That is why Intelligent Design is ridiculed for worshiping a “God of the gaps,” a deity whose existence is found in the failure of scientists to fully explain every natural phenomenon. The majesty of such a God decreases with every new scientific study.
Certainly the Catholic Church did itself no favors when it placed its theological bets against the astronomical discoveries of Copernicus and Galileo.
The Church, like Klinghoffer, would have done well to follow the path of Maimonides, who opposed his contemporaries who preached the eternity of the world simply because “the theory has not been proved” (Guide II 25), while allowing that were it to be proved, it would not contradict the core Jewish beliefs.
(Maimonides’ willingness to interpret the Torah figuratively places him at odds with today’s haredi Creationists, who insist the world is less than 6,000 years old and ban dinosaurs from their classrooms.)
The true beauty of Rav Kook’s approach, however, is not its pragmatism but its piety. He believes that God is the premise, not the conclusion. His God is not ascertained in scientific arguments but through perception and faith.
In marked contrast to Klinghoffer’s fear, Rav Kook reacted to those who postulate a purely physical world with equanimity, regarding “this childish construction as one which fashions the outer shell of life while not knowing how to build life itself” (Igrot I 44).

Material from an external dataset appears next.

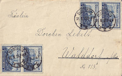 Inlandsbrief (1-20 g) vom 31.08.1923 frankiert mit 4 Marken a 5 000 Mark (=20 000 Mark) |

Rav Kook explicitly rejects the very moral logic of seeking God through the scientific means: “We do not base our faith in God on an inference from the existence of the world, or the character of the world, but on inner sensibility, on our disposition for the divine (ibid.).”

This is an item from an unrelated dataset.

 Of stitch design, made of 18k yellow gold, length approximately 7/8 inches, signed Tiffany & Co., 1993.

Rav Kook’s perspective, for all its poetic majesty, is self-evident for any Jew who takes the prayerbook seriously.
In the morning, when we praise God for “mercifully shining light on the Earth and those who dwell on it,” we are not claiming that physics is inadequate to explain the sunrise. Rather, we see the nuclear furnace 93 million miles away as a reflection of God.
The next line tells us a key fact for a believing Jew: God constantly renews the work of creation. Our prayerbook does not deny any materialistic mechanism to the sunrise, be it the chariot of Apollo or the laws of gravity. It asserts only that the rising of the sun reflects God’s will, constancy and love.
We believe that God maintains each spinning electron not because we can think of no better explanation for physics but because that is our core belief about God. And our belief in God does not preclude our working to examine and understand the workings of His world as fully as is possible.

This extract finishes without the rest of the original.